Hack delays Reserve Bank statistics
The Reserve Bank won’t be publishing most of the statistics it usually provides on the banking sector for a few weeks, because of a hack it discovered last week.
The bank said it expected to postpone the publication of most of its statistical releases for ‘‘three to four weeks’’ because of the hack.
A file-sharing system supplied by Californian company Accellion that banks used to submit confidential data to the Reserve Bank was illegally accessed.

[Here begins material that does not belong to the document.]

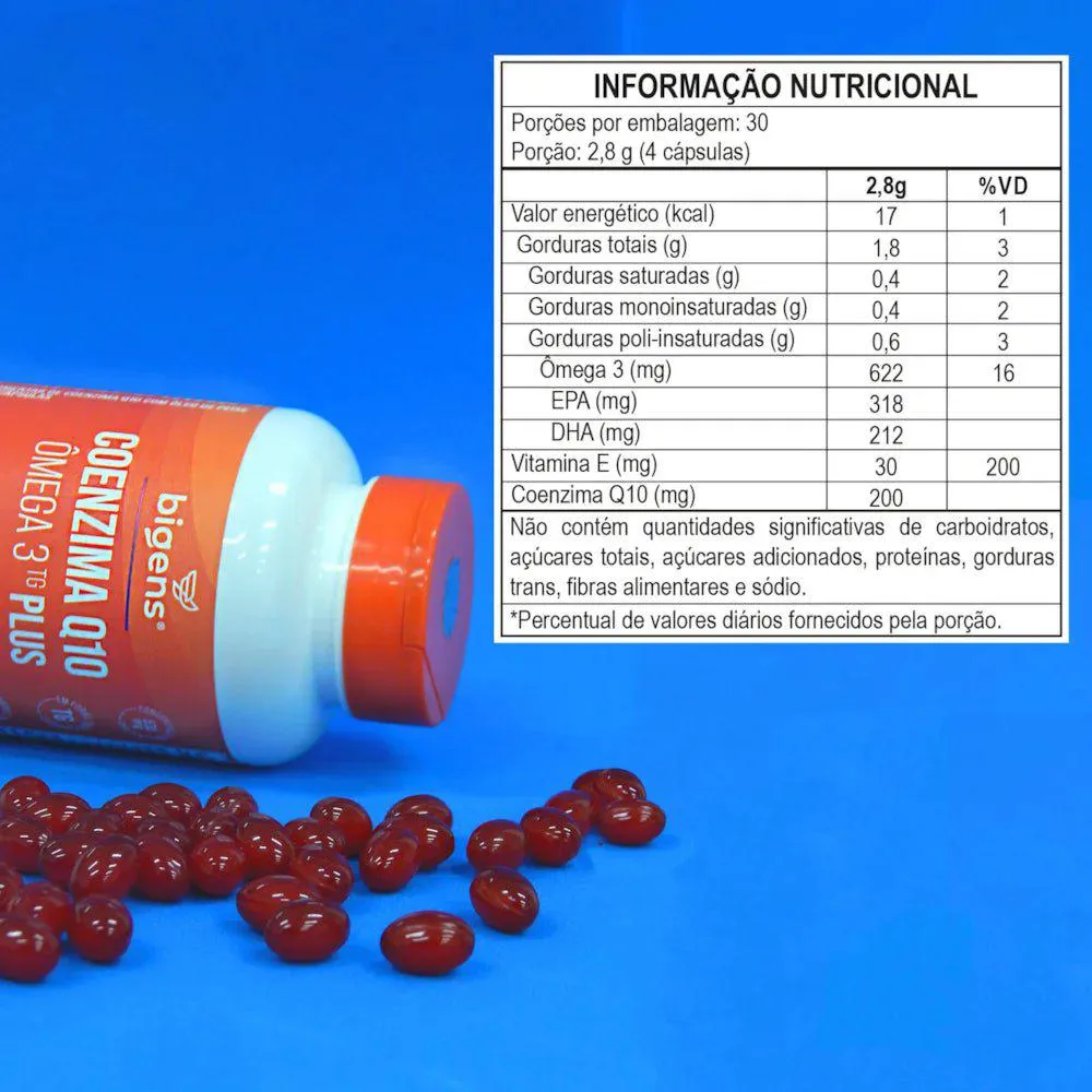 Coenzima Q10 200mg + Ômega 3 Tg Plus Vit e 120 Cápsulas Bigens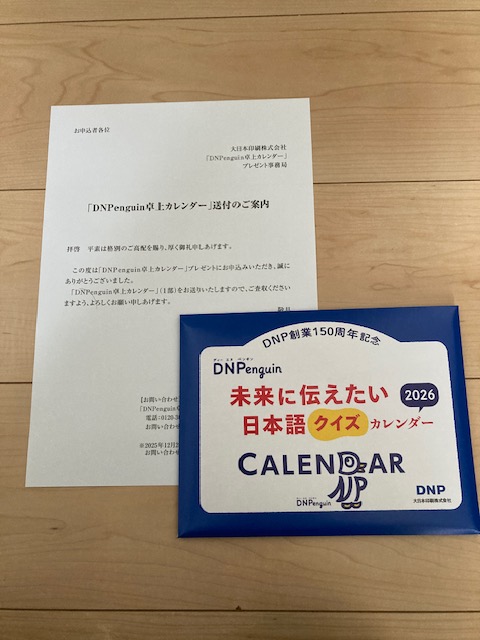 大日本印刷さんから隠れ優待の卓上カレンダーが届いていました。

The hack is believed to have occurred after the bank was slow to patch a serious vulnerability that Accellion identified in the software in December.
A spokesman for the Office of the Privacy Commissioner said no other New Zealand users of the software system, Accellion FTA, had reported a data breach, as might be required under new privacy rules.
The Reserve Bank has turned off the file-sharing system while it deals with the breach, and this is affecting its ability to produce its usual reports on the economy.
The bank said the publications that would be affected included those reporting on bank lending, credit card balances, new mortgage data, banks’ balance sheets, and retail interest rates.
The hack could also interfere with the publication of its Decemberquarter Bank Financial Strength Dashboard, scheduled for release on March 3.
The Reserve Bank indicated that it would not be collecting data from banks for statistical purposes until a new secure file transfer system was implemented next month.
Governor Adrian Orr apologised for the breach last week, saying the bank had ‘‘fallen short’’ and that he took personal responsibility for this.
The bank said it now had a good understanding of the extent of the breach, and had been able to tell stakeholders which of their files were ‘‘downloaded illegally’’. The bank has not so far disclosed what that data is, whether it received a ransom demand, or whether it has any information on who might be behind the hack.